---------- TASK MATERIAL ----------

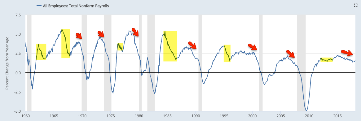 Real (inflation adjusted) GDP growth through 4Q17 was 2.6% yoy. 2.5-5% was common during prior expansionary periods prior to 2006.
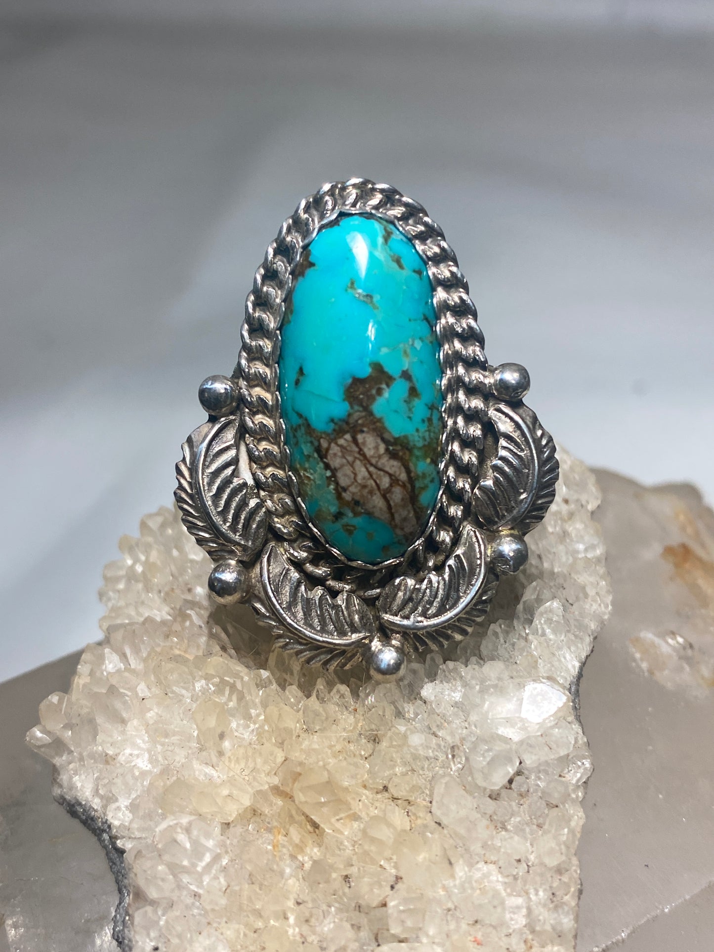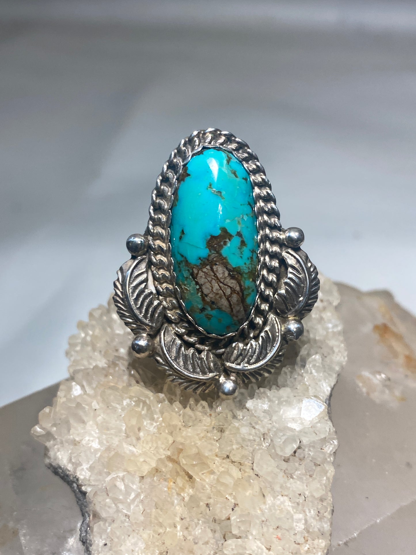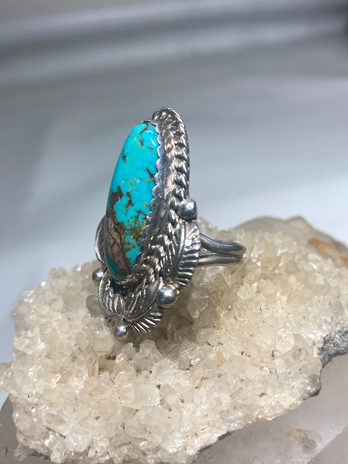 Turquoise ring long Navajo feathers band sterling silver women girls
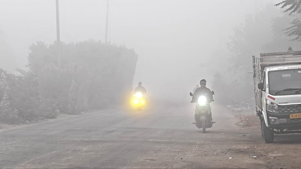 घने कोहरे की चादर में लिपटा भीलवाड़ा, वाहन चालकों की मुश्किलें बढ़ीं . . .
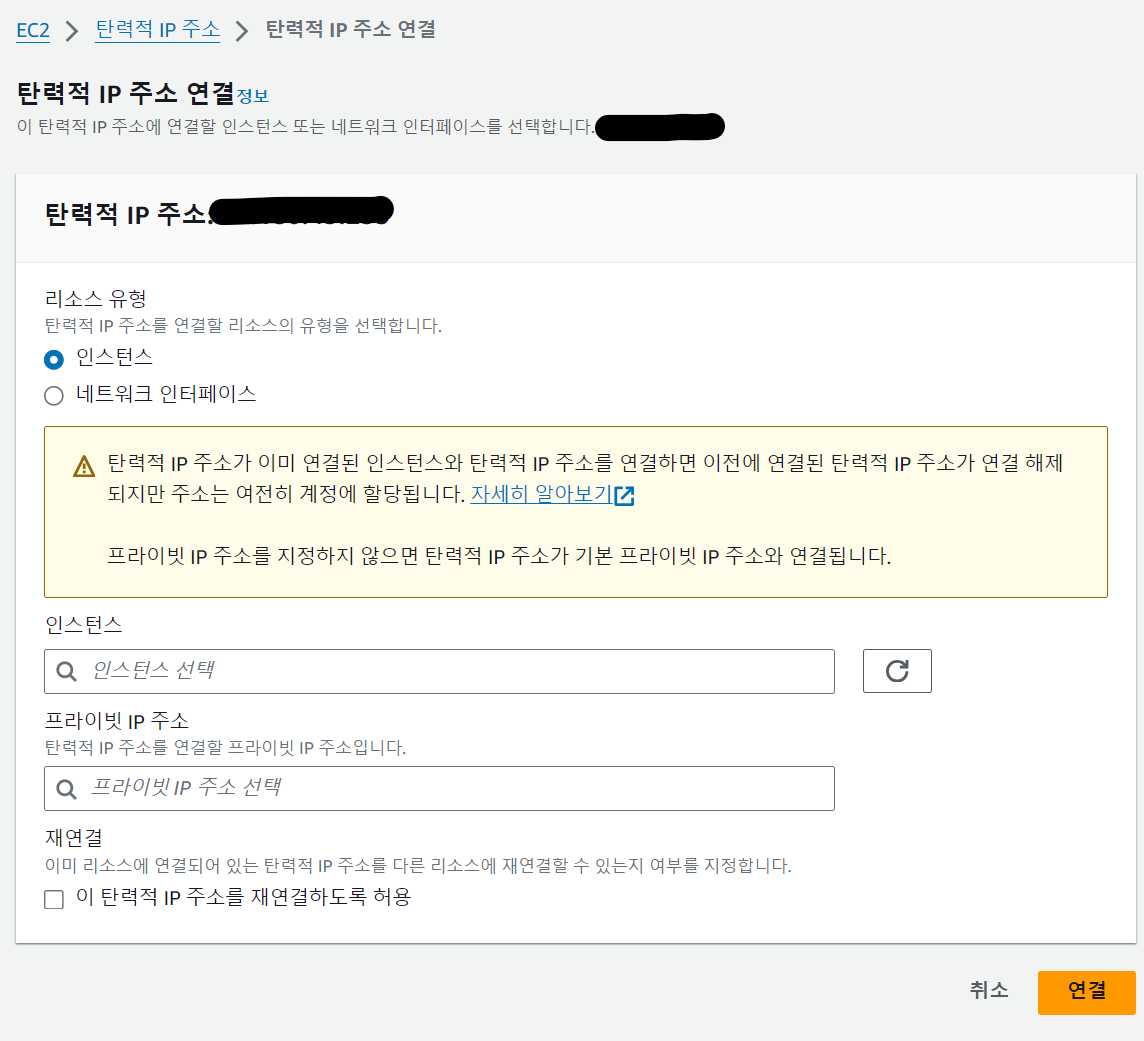 이곳에서 인스턴스와 프라이빗 IP주소를 선택후 연결 버튼을 클릭.
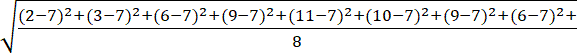 Odchyleniem standardowym liczb x1, x2, …, xn nazywamy liczbę σ określoną za pomocą wzoru: σ =

----------

[WHAT IS NEEDED] Each record must appear again exactly as written above, without its pictures.

[EXERCISE RESPONSE]
 Real (inflation adjusted) GDP growth through 4Q17 was 2.6% yoy. 2.5-5% was common during prior expansionary periods prior to 2006.
 Turquoise ring long Navajo feathers band sterling silver women girls
 घने कोहरे की चादर में लिपटा भीलवाड़ा, वाहन चालकों की मुश्किलें बढ़ीं . . .
 이곳에서 인스턴스와 프라이빗 IP주소를 선택후 연결 버튼을 클릭.
 Odchyleniem standardowym liczb x1, x2, …, xn nazywamy liczbę σ określoną za pomocą wzoru: σ =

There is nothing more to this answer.